Bovenstaande animatie laat zien wat die vreselijke klimaatontkenners doen met de stijgende wereldtemperatuur: ze knippen de reeks in stukjes, die elk geen stijging vertonen. Het is een beetje Donquichotte-achtige bewijsvoering, waarbij de vijand gecreëerd wordt en daarna bestreden. Ik ken geen enkele kritische klimaatvolger die op dergelijke wijze de recente temperatuurstijging benadert. Wellicht nog belangrijker is dat het artikel suggereert dat het gebrek aan opwarming van de afgelopen jaren het gevolg is van kortstondige effecten die vrijwel alle afkoelend werken, zoals ENSO, vulkanisme en zonneactiviteit. In onderstaande grafieken is af te lezen welke invloed volgens Rahmstorf et al deze effecten hebben gehad op de oppervlaktetemperatuur.

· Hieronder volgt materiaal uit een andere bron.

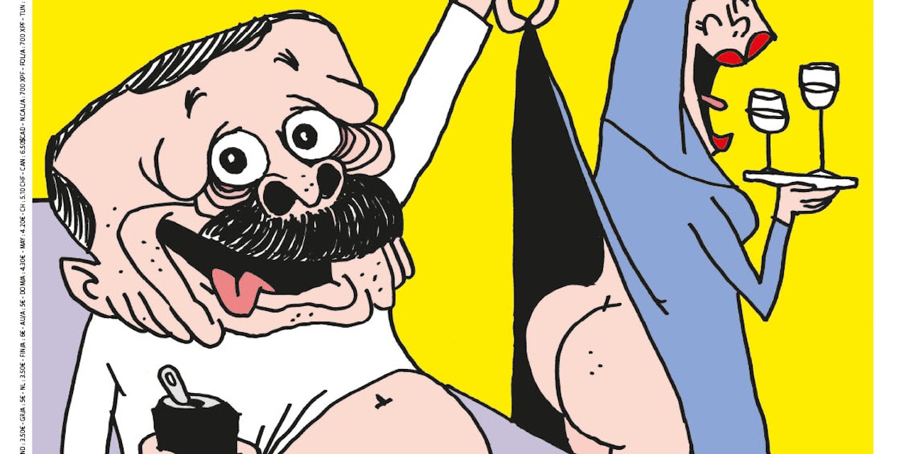 Die Karikatur auf der Titelseite der Mittwochausgabe von «Charlie Hebdo», die am Dienstagabend schon online veröffentlicht wurde, zeigt Erdogan in weißem Oberteil und Unterhose auf einem Sessel sitzend. Er hält eine Dose in der Hand und hebt das Gewand einer verschleierten Frau hoch, um ihr nacktes Hinterteil zu enthüllen. "Ohh! Der Prophet!", heißt es dazu in einer Sprechblase. Die Seite ist betitelt mit den Worten: "Erdogan – privat ist er sehr lustig".
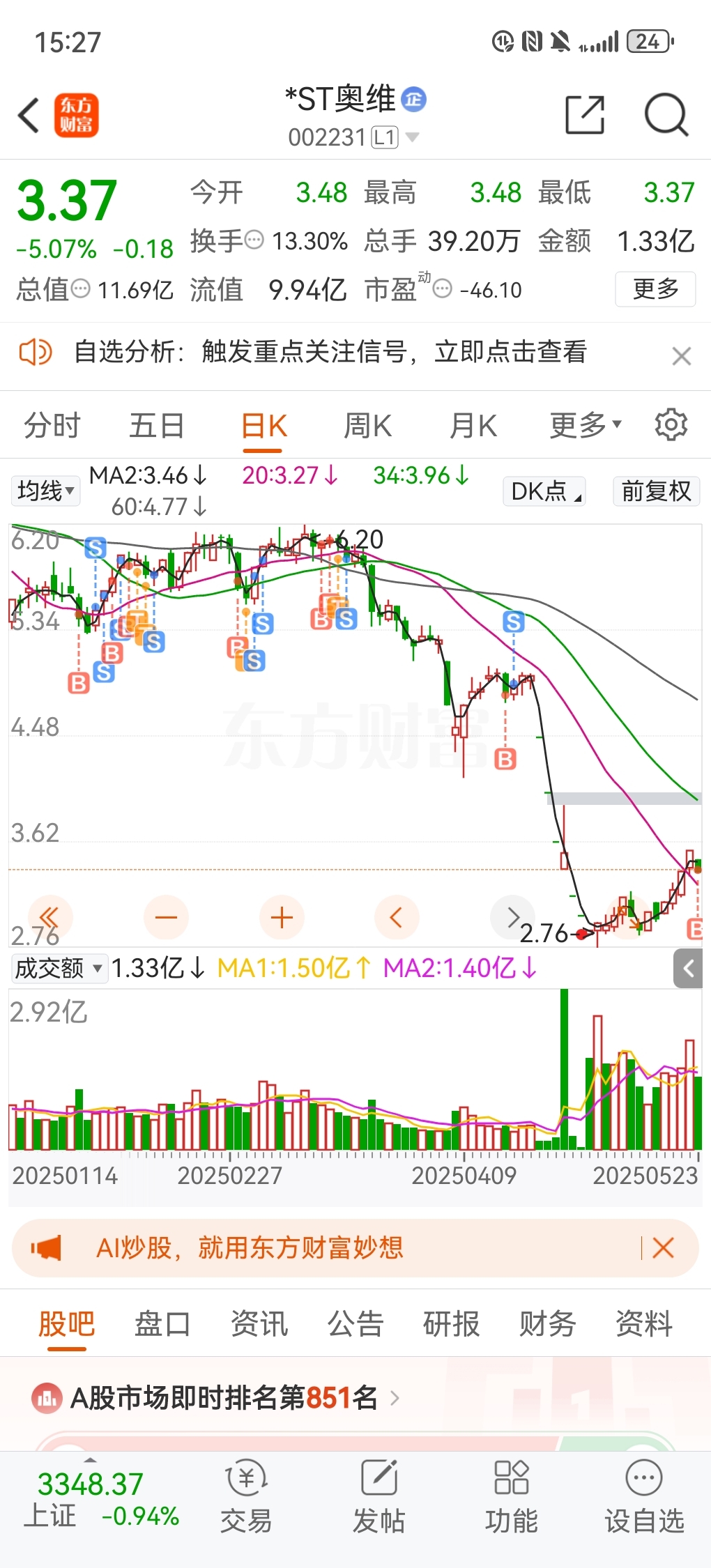 $*ST奥维(SZ002231)$ 4月17号4.90抛光,今天平均3.39买回。仓位奥维8成,美晨2成,敢买就不怕。

MEI is Multivariate ENSO Index, een maat voor de invloed van ENSO, AOD is Aerosol optical depth, een maat voor de invloed van vulkanisme op inkomende kortgolvioge straling, en TSI staatvoor total solar irradiance. Het resultaat van de wijze van analyse door Rahmstorf et al voor 5 datareeksen ziet u hieronder:
Het ziet er indrukwekkend uit, maar is het dat ook? Daar zijn toch wat twijfels over gerezen. Die twijfels worden, ik ben daar eerlijk in, meteen getriggerd door de naam van de onderzoeker. De naam Rahmstorf is in klimatologenland immers niet onomstreden. Behalve dat hij bekend staat als een rasechte alarmist, is hij onlangs door het Kölner Landgericht veroordeeld vanwege het feit dat hij onwaarheden over een wetenschapsjournaliste had verkondigd die haar in de uitoefening van haar beroep hebben geschaad. Irene Meisscher had het namelijk gewaagd het IPCC te bekritiseren vanwege alarmistische passages over de toekomstige landbouwproduduktie in Afrika, als gevolg van de vermeende opwarming van de aarde. Deze waren niet op ‘peer-reviewed’ literatuur gebaseerd, maar toch in de samenvatting van het IPCC-rapport terecht gekomen en werden vervolgens in de klimaatalarmistische uitspraken van Pachauri en Ban Ki Moon hoog opgespeeld. Later zou dit bekend worden als ‘Africagate’.
Bob Tisdale heeft wat kritisch noten gekraakt over het Rahmstorf artikel. Een ervan is dat Rahmstorf et al in hun publicatie behalve ENSO, zon en vulkanen nog een vierde ‘’externe” variabele mee laten doen in hun regressieanalyse, namelijk de lineaire temperatuurtrend. Afgezien van inhoudelijke bezwaren of de lineaire trend wel een externe variabele is, laat Tisdale zien wat het effect van die vierde factor is. De eerste grafiek is met , de tweede zonder de lineaire trend.
Dat komt omdat het mee laten wegen van de lineaire trend in de analyse grote effecten heeft op de schaal waarop de andere factoren van invloed zijn op de temperatuur, maar ook en in het bijzonder omdat daardoor invloed van de zonne-instraling omgekeerd wordt. Zie de grafieken hieronder:
Het tweede bezwaar is dat Rahmstorf et al de ENSO data gebruiken als externe factor en te weinig rekening houden met de zeer complexe invloed van ENSO op de oppervlaktetemperatuur. Daarover is al vaker gepubliceerd. De auteur van het artikel in ScepticalScience stelt: “ Although the rate of warming of surface air and lower troposphere temperatures appear to have slowed over the past few years, the same could be said at any virtually any point in time by cherrypicking short-term noise and ignoring the long-term trend ”. Het lijkt me dat het artikel zelf een aardig bewijs levert van cherrypicking en en veronachtzamen van langetermijntrends.